Informative note: The requirement for symmetric use does not apply for the level part of profile-level-id and does not apply for the other stream properties and capability parameters.
Informative note: In H.264 [1], all the levels except for Level 1b are equal to the value of level_idc divided by 10. Level 1b is a level higher than Level 1.0 but lower than Level 1.1 and is signaled in an ad hoc manner, because the level was
specified after Level 1.0 and Level 1.1. For the Baseline, Main, and Extended profiles (with profile_idc equal to 66, 77, and 88, respectively), Level 1b is indicated by level_idc equal to 11 (i.e., same as Level 1.1) and constraint_set3_flag equal to 1. For other profiles, Level 1b is indicated by level_idc equal to 9 (but note that Level 1b for these profiles are still higher than Level 1, which has level_idc equal to 10 and lower than Level 1.1). In SDP Offer/Answer, an answer to an offer may indicate a level equal to or lower than the level indicated in the offer. Due to the ad hoc indication of Level 1b, offerers and answerers must check the value of bit 4 (constraint_set3_flag) of the middle octet of the parameter profile-level-id, when profile_idc is equal to 66, 77, or 88 and level_idc is equal to 11.
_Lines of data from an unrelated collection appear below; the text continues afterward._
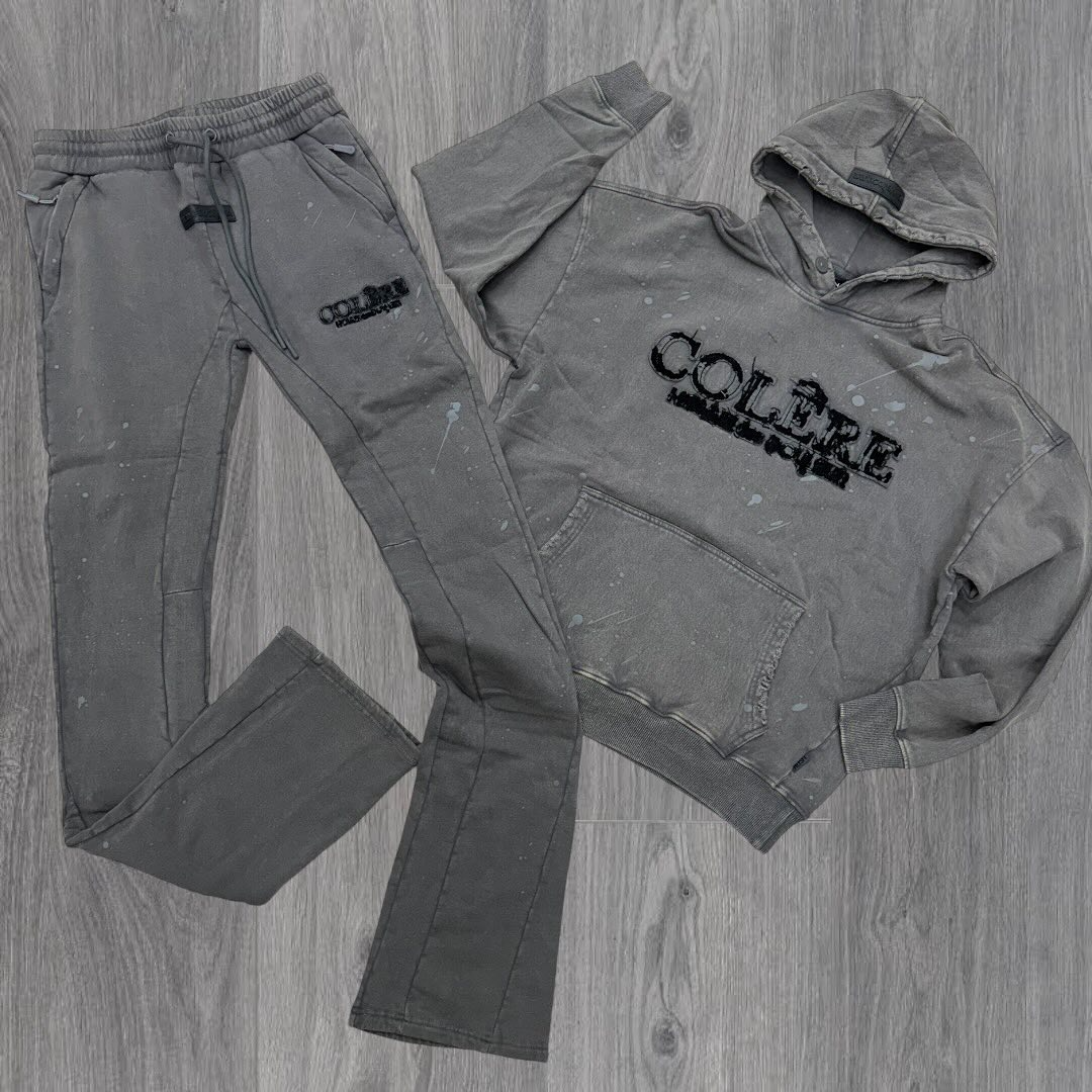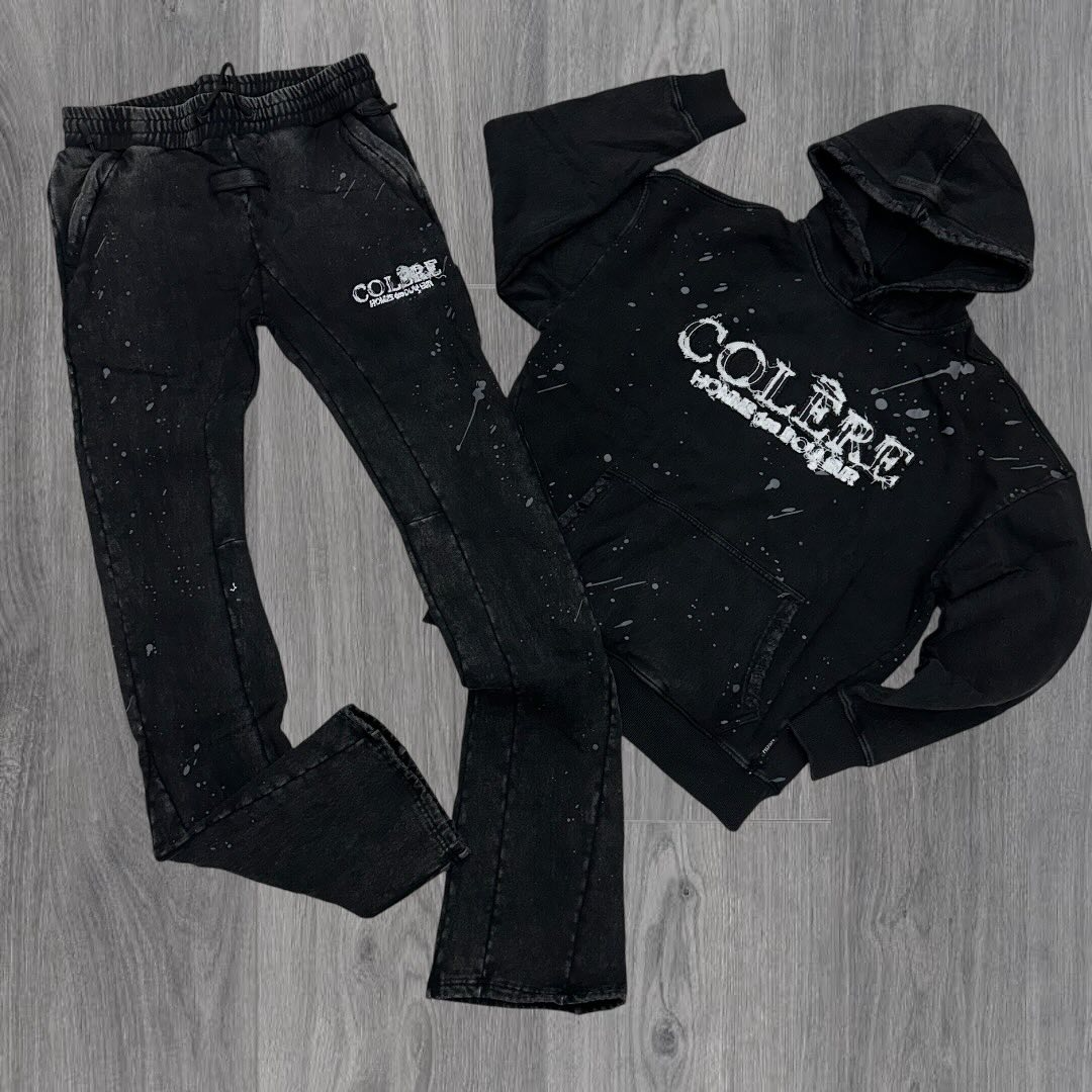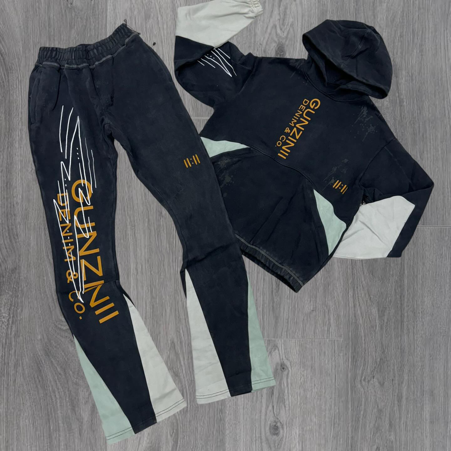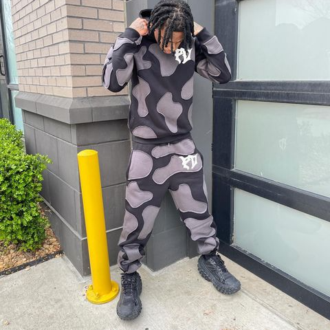 Ink-splashed Letters Print Two Piece Hoodie Set
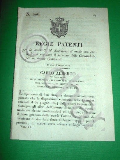 Decreti Regno Sardegna Torino Regie Patenti Comandate per le strade Comunali 838
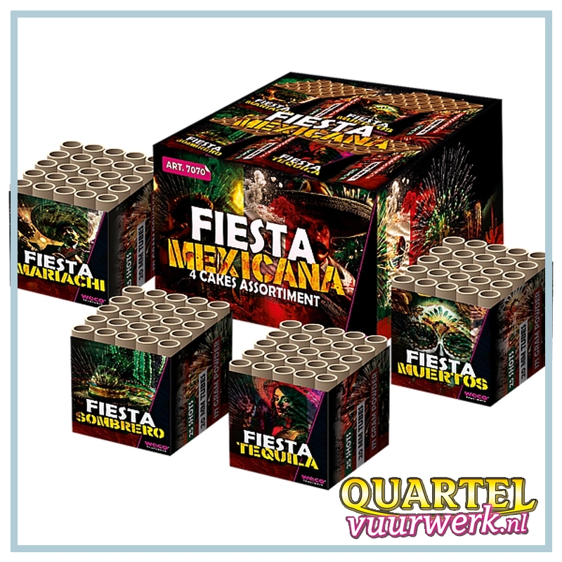 Fiesta Mexicana, vuurwerkpakket bestaande uit vier siercakes met ieder 25 schoten en een tubesize van 20mm.

To simplify the handling and matching of these configurations, the same RTP payload type number used in the offer SHOULD also be used in the answer, as specified in [8]. An answer MUST NOT contain the payload type number used in the offer unless the configuration is exactly the same as in the offer.
Informative note: When an offerer receives an answer, it has to compare payload types not declared in the offer based on the media type (i.e., video/H264) and the above media configuration parameters with any payload types it has already declared. This will enable it to determine whether the configuration in question is new or if it is equivalent to configuration already offered, since a different payload type number may be used in the answer.
-
When present, the parameter max-recv-level declares the highest level supported for receiving. In case max-recv-level is not present, the highest level supported for receiving is equal to the default level indicated by the level part of profile-level-id. When present, max-recv-level MUST be higher than the default level.
-
The parameter level-asymmetry-allowed indicates whether level asymmetry is allowed.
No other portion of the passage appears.